The village was established and laid out to serve Waterstown House, the remnants of which is located on a hill south east of the village. The Harris-Temple family lived in Waterstown House which was built in the 1740s. The village is laid out as a straight street without a central square or common. At the south end the school was built to educate the children of the employees of the big house. A small river known as the River Tullaghan flows through the northern end of the village and then flows south to Killinure Lough, a part of Lough Ree. The core of the village consists of a late 18th/early 19th century terrace of two-storey rose-covered houses. Suburban development has taken place on all approaches to the village in recent times. The village is overlooked by Caraun Hill, particularly so when approaching the village from the direction of Lough Ree. The village school was built for Isabella Harris who believed that education was one of the elements which could prevent the repetition of the distress experienced during the famine of the 1840s.
Amenities
Services and businesses in the village include two pubs, both with restaurants, a restaurant in the Old Garda Barracks, a hairdresser, Garda Station, automotive sales and repair garages, a heritage/community centre, service station and supermarket, a number of B&Bs, a concrete works, a stonemason's workshop, a defunct petty sessionscourt house, a former Royal Irish Constabulary Barracks, a dispensary operated by the Health Board, and a reproduction water pump installed by the Tidy Towns. Glassan also hosts two hunts; namely the Glassan Farmers Hunt and the South Westmeath Harriers. Close to the village in an area which was originally the deer park of the Waterstown demesne is Wine Port, so named because wine was brought from France and Spain by boat and landed here, and brought to the cellars under the house by cart.
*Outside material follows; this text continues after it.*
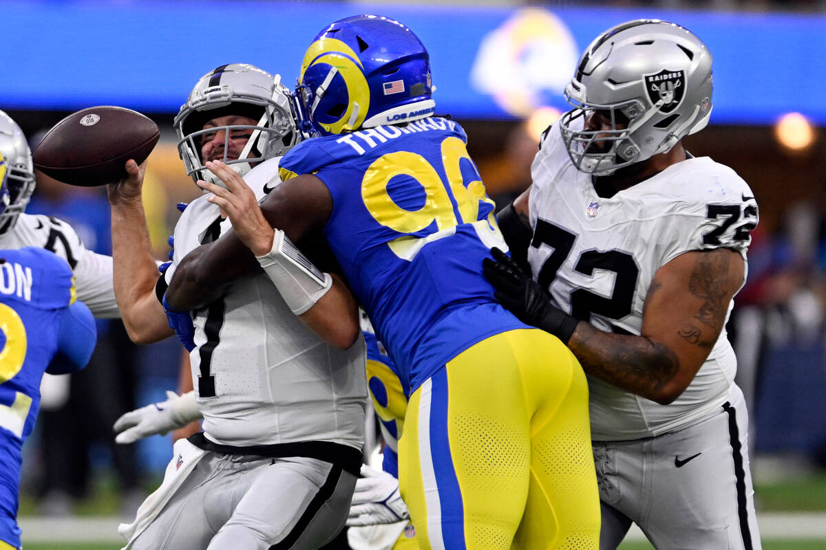 The Raiders’ defense forced five Rams punts through the first three quarters and didn’t allow a touchdown until under two minutes remained in the third.

The village of Glasson was built to service Waterston House, home of the Temple-Harris family. It is one of many Irish villages which were built to service an estate, or 'Big House'. Other examples of planned villages associated with such estates are Celbridge, Westport, Durrow, and Kildare. All that remains of Waterston House is a corner of two of the original facades, remains of the house basement, the farmyard, the walled garden, the pigeon loft and some minor structures. What is lost is the rest of the house, the decorative terraced gardens, the castle on an island on the lake, the canals, woods, and shipyards.